If Thomas sounds disappointed by the commonplace attitude that says it’s okay to exploit people for profit, it’s only the Quaker showing. She doesn’t make much money off the Fair Trade items, but she says it’s an ethical sideline of goodies she can offer people who visit this off-the-beaten-path tearoom and its garden.

“The tearoom is the bread and butter for the garden,” she said. “Every cup of tea I sell pays for my seeds.”

Over the past several months Thomas has been bringing in seeds for a special garden she’s cultivating. Back in England, she worked as a horticulturalist and she’s now working on a design called New Perennial Planting Wave, a new concept to the area.

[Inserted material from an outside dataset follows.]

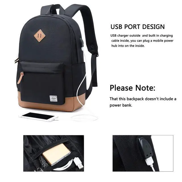 USB PORT DESIGN: The usb charging backpack with built in USB charger outside and built in charging cable inside, you can plug a mobile power hub into on the inside, then you just connect your usb cable to your backpack and plug in your device for easy charging. (Please noted that USB charging backpack doesn't power itsel and this backpack doesn't include a power bank. ) ^^ The backpacks perfects for traveling, weekend getaways, shopping & outdoor activities in daily life. Good gift for college High School big student for Boys, girls, teens, adults. 12-Month WARRANTY. Any quality problems with your bag, please contact us, we will solve it. (Recommended for children 3 years old and above. )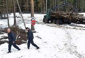Первый заместитель председателя правления "Автодор" Сергей Кельбах (слева) и координатор лесной…

The plan is to use native plants and create a natural retreat. Unlike traditional plans that work around colour, this garden starts with structure, form, and texture and then chooses colors.

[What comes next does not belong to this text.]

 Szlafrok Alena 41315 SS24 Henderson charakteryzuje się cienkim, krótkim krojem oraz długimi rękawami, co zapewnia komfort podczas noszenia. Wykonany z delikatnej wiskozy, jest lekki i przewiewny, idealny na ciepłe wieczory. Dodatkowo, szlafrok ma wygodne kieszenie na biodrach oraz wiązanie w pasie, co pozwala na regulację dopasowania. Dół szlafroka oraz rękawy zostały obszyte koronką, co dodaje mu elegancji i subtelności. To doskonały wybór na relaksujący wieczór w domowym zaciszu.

“It’s not plunk planting,” she said. “That doesn’t tell a story. This garden will tell a story.”

England’s winter is too mild for this, she said only the cold climate here can push the plants to reach their greatest potential.

If these plants don’t rest, they’ll burn themselves out by blooming all the time, she explained. The garden will remind us about the beauty of nature and it will unfold gracefully without anyone forcing it.

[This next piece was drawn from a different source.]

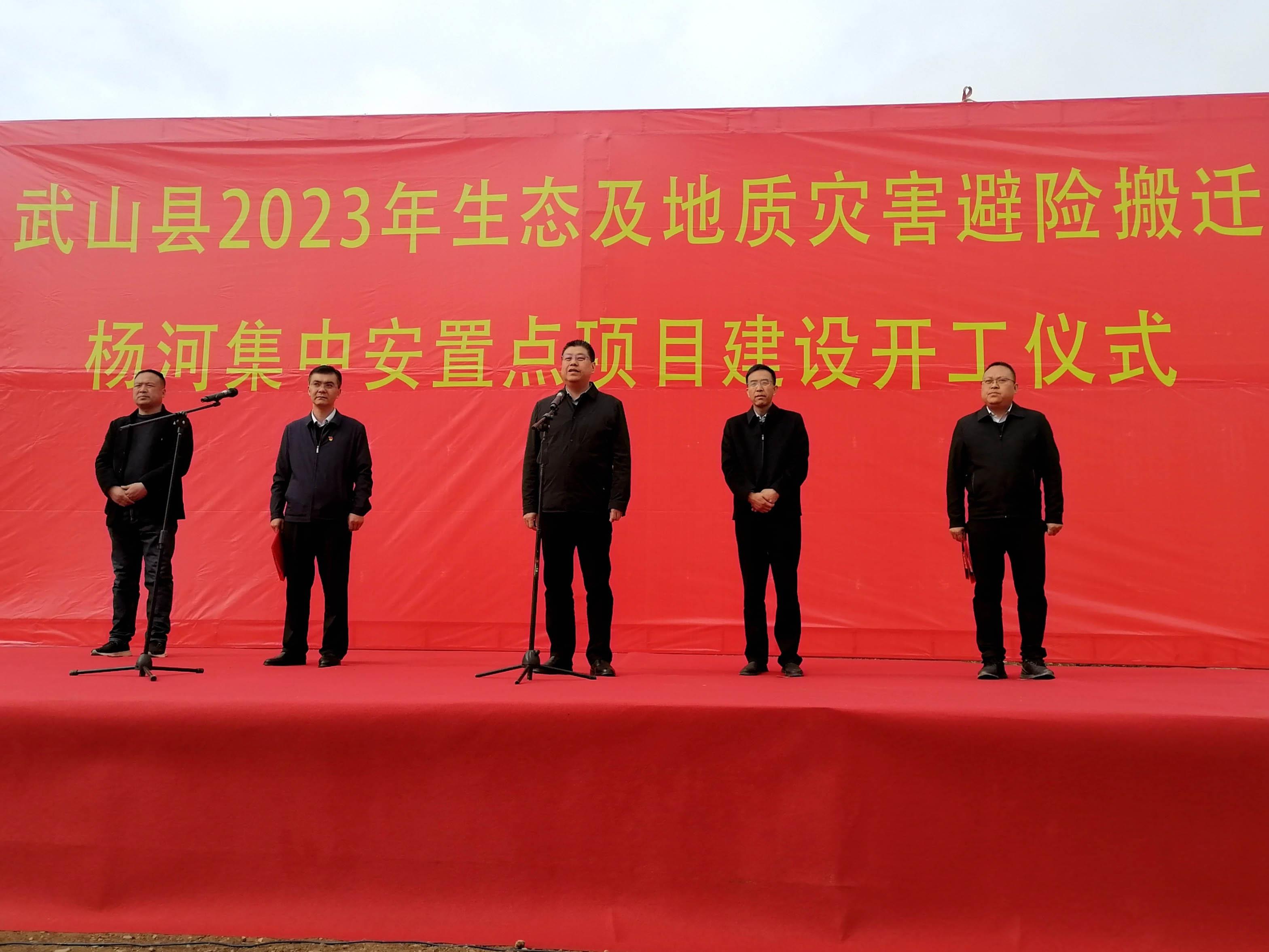 武山县融媒体中心3月20日讯(记者 彭雪)3月20日,武山县2023年生态及地质灾害避险搬迁杨河集中安置点项目建设开工仪式在杨河镇杨河新村举行。县委常委、副县长赵百祥出席仪式并宣布项目开工。县直有关部门负责人,杨河镇党政班子成员、各村党员代表、群众代表及施工方代表参加开工仪式。该项目的开工建设,标志着全县2023年生态及地质灾害避险搬迁集中安置建设项目全面开工建设。

“These plants will be just as remarkable in their deaths as they are in life,” she said. “Every season will tell it’s own story.”

The notion of planting a garden that goes to sleep in the winter is ironic, given that one of Thomas’s most memorable jobs was helping to wake up one of England’s most famous Victorian gardens. She was one of horticulturists brought in to restore the Lost Gardens of Heligan, in Cornwall.

“It was a garden that went to sleep for nearly 100 years,” she said. Once a family estate with a spectacular Victorian garden tended by 22 gardeners, it fell to ruin in the years following the First World War.

In 1914, all 22 of Heligan’s gardeners enlisted for military service. Two years later, only six of these men returned from Flanders. After a few decades, the once spectacular grounds began to decay from neglect. Following a devastating hurricane in 1990, a trust was set up to rejuvenate the grounds. Because nothing had been done to gardens in years, it was as if it all just fell asleep, she added.

The best horticulturists were hired to bring the garden back to life. Each worked on a section, gradually restoring its original splendor, pulling one weed at a time. At the end of the project, Thomas found she was searching for another grand project, something worth doing.

Philip McMillan Browse, the chief horticulturist, told her there were only two things she could do; she could either start her own garden, or write a book about it.

“I like to get down and dirty, I’m a doer,” she said. Her garden spans about 3 acres and will offer a series of walkways. Thomas expects the first phase will mature in about three years. In starting the seedlings here, the plants will easily adapt to their new environment.

“Seeds are like children, they won’t question where they are planted. They’ll just make their roots here and grow.”